#HASA2019: AI is a game changer in attaining universal health coverage
Dr Tapiwa Chiwewe, research manager for IBM Research in South Africa, said that AI is augmented intelligence, which assists clinicians and its human operators. AI is now so advanced that its error rate is 3%, which is 2% lower than human beings. This is dependent on accurate data being inputted for processing. With the modern data deluge accounting for 60% of determinants in health volume, variety, velocity and veracity, generating 11,000 terabytes per person per lifetime, and genomics data accounting for six terabytes per person, it was obvious that healthcare staffers and researchers could not cope without AI.
Cancer reporting
He said his company is already helping South Africa reduce cancer reporting delays (which currently run to four years), by applying deep machine learning algorithms to classify text-based pathology reports, mainly in breast cancer, thus updating and rendering more current the cancer registry so essential for health records and planning population-wide interventions. The company was also helping improve SA’s health systems for care co-ordination and implementing clinical workflows by sharing data between clinics and pharmacies and referral hospitals, the underlying blockchain technology also helping control access to patient records. By analysing different patient cohorts with similar characteristics or symptoms such as hypertension or diabetes, machine learning could automatically cluster groups of patients together, increasing treatment efficiency.
Disease control
Imagine what AI can do in predicting outbreaks such as Ebola or Dengue fever, and managing treatment protocols. Chiwewe said a minister of health could digitise paper records to begin analysing data to correlate historical records from different geographic locations, seasonal variations in rainfall, windspeed, home roof designs in order to predict and plan for future outbreaks
Front line healthcare workers in rural areas could quickly diagnose a child with fever and a rash, initially suspected of suffering from Dengue fever, by inputting a picture of the rash, and quickly diagnosing it as a spider bite or malaria, referring onwards for appropriate specialist treatment. He said the more data there were, the better AI performed. It was particularly effective in research and development, he said citing the $2bn it cost a develop a new pharmaceutical drug, where 10% of drugs in development never made it to market.
Managing wastage
“We estimate there’s about $2trn in waste in the healthcare industry globally, via things like unnecessary tests and variability of care or failed clinical trials. When you add government fraud, waste and abuse and the cost of treating chronic disease, we estimate AI can create cost savings of around $360bn annually,” he added.

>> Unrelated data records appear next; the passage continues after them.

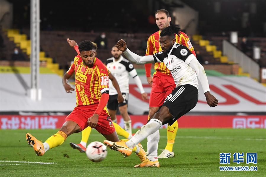11月2日,富勒姆队球员扎姆博(前右)在比赛中射门。 当日,在2020-2021赛季英格兰足球超级联赛第七轮比赛中,富勒姆队主场以2比0战胜西布罗姆维奇队。 新华社/路透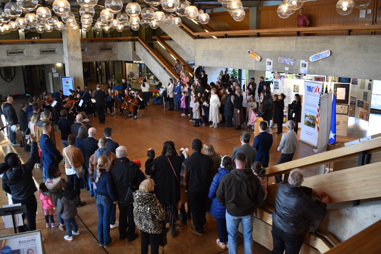 Am Dienstag, 18. Februar 2025, haben Oberbürgermeisterin Beate Kimmel als Schirmherrin und Generalmajor Paul D. Moga als Schirmherr des Deutsch-Amerikanischen Bürgerbüros (German-American Community Office – GACO) die diesjährige deutsch-amerikanische Schülerkunstausstellung im Foyer des Kaiserslauterer Rathauses eröffnet. Unter dem Motto „Kunst bringt uns zusammen“ zeigt die Ausstellung jeweils bis zu 20 Exponate der teilnehmenden deutschen und amerikanischen Schulen aus der Region. Musikalisch untermalt wurde die Veranstaltung vom Streicherensemble der Ramstein High School.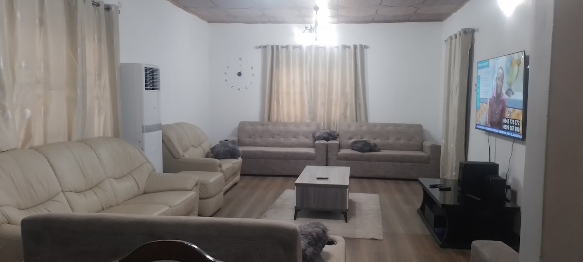 Stay in the heart of Cape Coast at this vibrant, fully furnished 2Br apartment with African decor and all modern comforts. Located on the first floor of a new building. this stylish space offers the perfect mix of culture and convenience. Featuring 2 ensuite bedrooms, electricity, water and wifi included. whether you are visiting for business, leisure, or a long term stay, you will love the authentic African vibe, comfortable setting, and easy access to everything Cape Coast has to offer.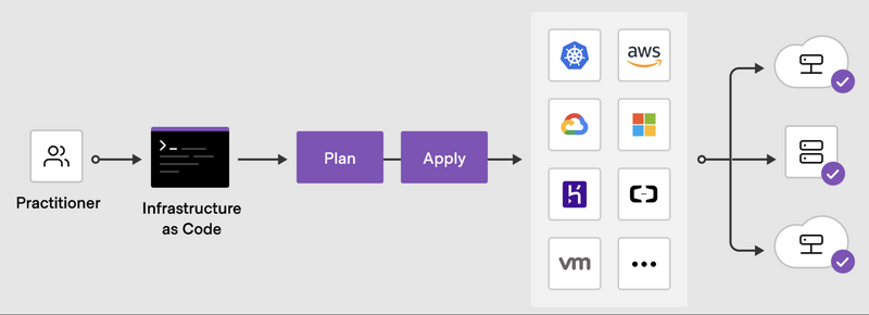 Providers define individual units of infrastructure, for example compute instances or private networks, as resources. You can compose resources from different providers into reusable Terraform configurations called modules, and manage them with a consistent language and workflow.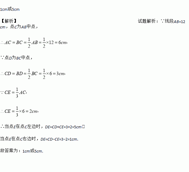 已知线段,点C为AB中点,点D为BC中点,在线段上取点,使,求线段DE的长为 .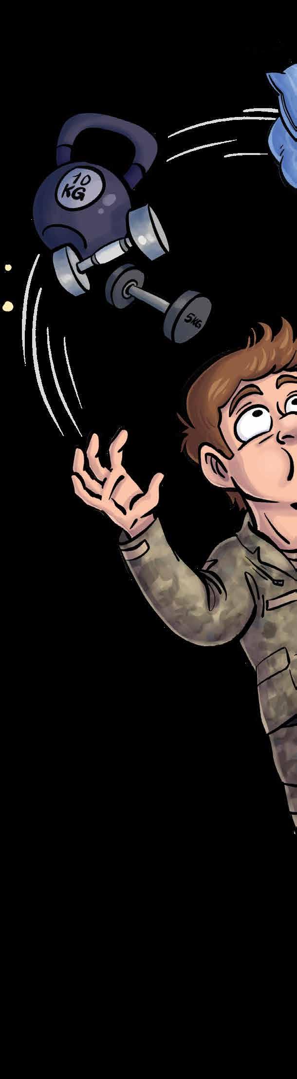 I værnepligten bliver der stillet krav til din fysik. Hverdagen er uforudsigelig, og arbejdskravene er alsidige. Derfor skal en soldat være veltrænet i alt fra udholdenhed og styrke til mobilitet. “Når du star ter i værnepligten, skal du være en all-rounder. Er du vant til at træne ensidigt, kan du opleve nedgang i den sport, du dyrkede før,” forklarer Wendell.

Some of the challenges to data innovation included unrepresentative datasets, data availability and quality. Black and minority ethnic groups were more likely to opt out of volunteering their health data for research and thus became more “invisible” to scientists.
Data protection rules are also complex, leading to data holders becoming risk-averse and often restricting access to it. However, advocacy and the technology itself could help lower these barriers. A major deterrent to data scientists was that data could be messy and complex, driving academics into higher paid jobs in the technology sector. The utility of wearable apps included early detection of depression or suicide risk, monitoring healthcare worker movements during a working day to unblock treatment bottlenecks, and early warnings for Alzheimer’s disease, he added. It's all about collecting as rich a dataset as you can,” he said.